Sultan dan Uli ialah dua anak gajah yang akan kami temui. Panduan itu penting diberikan untuk menghindari hal-hal yang tidak diinginkan dalam perjumpaan.
Kalau diajak main, jelas Sugeng, nanti manusia dikira temannya. Padahal, manusia bukan teman main gajah. Teman main gajah ialah sesama gajah. Sekali anak gajah diajak main, memorinya akan sangat kuat. Mereka akan mengingatnya hingga puluhan tahun.
“Bayangkan, usianya 20 tahun, berat badannya sudah lebih 3 ton. Kalau mereka ajak main nyepak, ya sudah Innalillahi. Nah, ayo, kita berangkat,” ajak Sugeng.
Kami, tim wartawan, Tropical Forest Conservation Act (TFCA) Sumatera, bersama tim dokter hewan--pun langsung berangkat menuju salah satu lokasi kawanan gajah. Tim dokter hendak memeriksa kesehatan gajah dan memberi obat cacing, sementara kami meliput kegiatan mereka, gajah, dan para mahout.
Perjalanan yang ditempuh sekitar 2 kilometer. Kami harus menembus hutan, melewati sabana, dan mendaki bukit untuk menjumpai salah satu kelompok gajah. “Di sini, gajah tidak mengikuti jadwal manusia. Kalau ingin melihat habitat gajah, manusia yang mengikuti jadwal gajah,” jelas Sugeng di sela-sela perjalanan.
Setelah melewati sungai kecil dan sedikit mendaki bukit, akhirnya kami melihat mereka. Lima gajah, termasuk Sultan dan Uli, bersama para mahout, pawang gajah. Perlahan, mereka menghampiri kami.
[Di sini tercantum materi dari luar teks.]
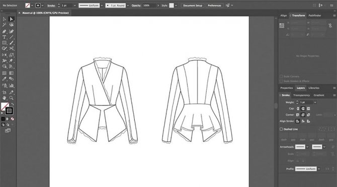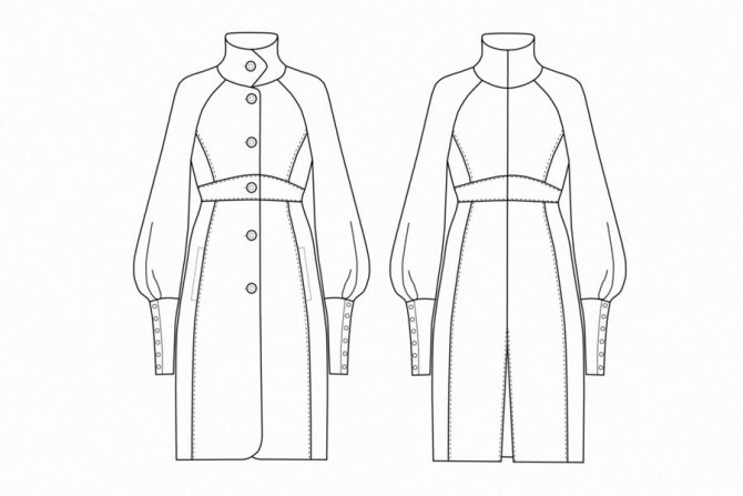 Les esquisses sont ensuite traduites en techniqueLes esquisses techniques sont ensuite transformées en croquis techniques et utilisées pour créer des modèles. Le croquis technique est créé à l'aide de lignes de base - axe médian, base du cou, poitrine, taille, hanches. Le croquis technique doit être parfaitement exact et schématique, montrant les lignes de contour du motif et la présence de coutures décoratives, de garnitures, de poches et d'autres détails. Pour montrer les caractéristiques de conception du modèle, celui-ci est présenté sous différents angles : de face, de dos et parfois de côté. Si nécessaire, on peut montrer l'envers du décor. Si certains détails sont inhabituels en termes de configuration, de finition ou de fabrication, ils sont présentés séparément, avec un zoom avant et arrière par rapport à la ligne de la silhouette du modèle. Les dessins techniques peuvent contenir des inserts de texte explicatif représentés par des notes de bas de page.
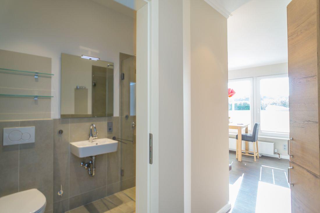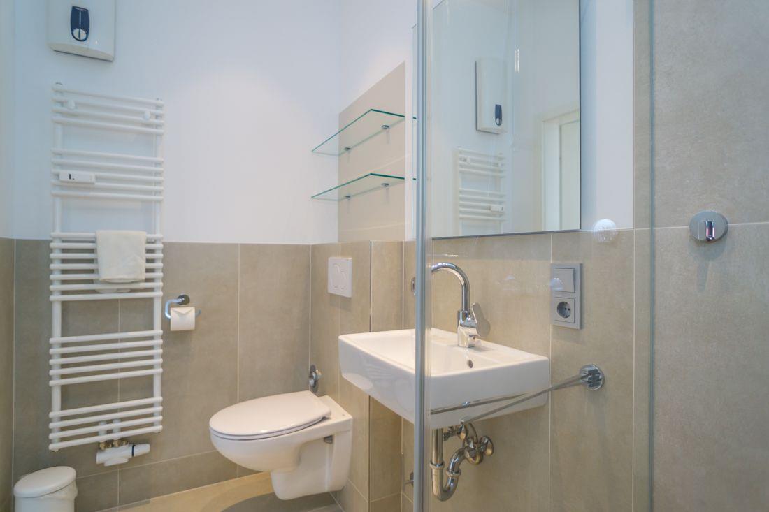 Modernes und großzügiges Duschbad mit WC.
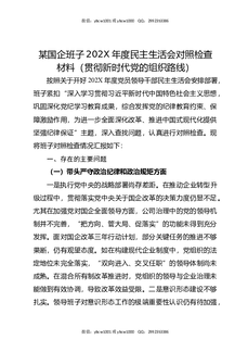 某国企班子202X年度民主生活会对照检查材料(贯彻新时代党的组织路线).docx
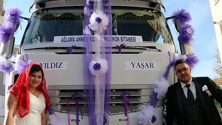 Dorsesi çıkarılıp Türk bayrakları ve renkli şeritlerle süslenerek gelin arabası yapılan tırın direksiyonuna geçen Yaşar Karataş (24), konvoyla Yıldıztepe Mahallesi Dumlupınar Caddesi'nde oturan gelin Yıldız Erayık'ın (23) evine geldi.

Perjalanan kami melihat habitat gajah di BNWS memberi pengalaman yang tidak terlupakan. Tidak sekadar melihat gajah dari dekat di habitat alami mereka, tetapi cerita dari Sugeng dan para mahout sedikit banyak menambah kecintaan pada makhluk mamalia yang sering dianggap hama oleh pemilik perkebunan.
Kesejahteraan hewan
Sugeng menceritakan, gajah-gajah di BNWS relatif jinak. Mereka tidak dijinakkan di BNWS, tetapi tempat mereka sebelumnya. “Mereka gajah-gajah telantar yang dikonservasi dari pusat pelatihan gajah,” tuturnya.
Agar jinak, tidak jarang mereka disiksa dulu supaya menurut. Bahkan, ada gajah yang menjadi buta. Tentu saja penyiksaan itu tidak sejalan dengan visi konservasi. Di tempat tersebut, kesejahteraan hewan (animal welfare) sangat diperhatikan, yaitu bebas dari rasa haus dan lapar, bebas dari rasa tidak nyaman, bebas dari rasa sakit, bebas berperilaku alamiah, dan bebas dari rasa tertekan.
“Di sini gajah tidak untuk ditunggangi umum. Hanya boleh ditunggangi oleh mahout-nya,” kata dia. Itu pun sebatas untuk mengendalikan gajah agar bisa tenang saat akan diperiksa ataupun diobati. Setiap gajah memiliki seorang mahout.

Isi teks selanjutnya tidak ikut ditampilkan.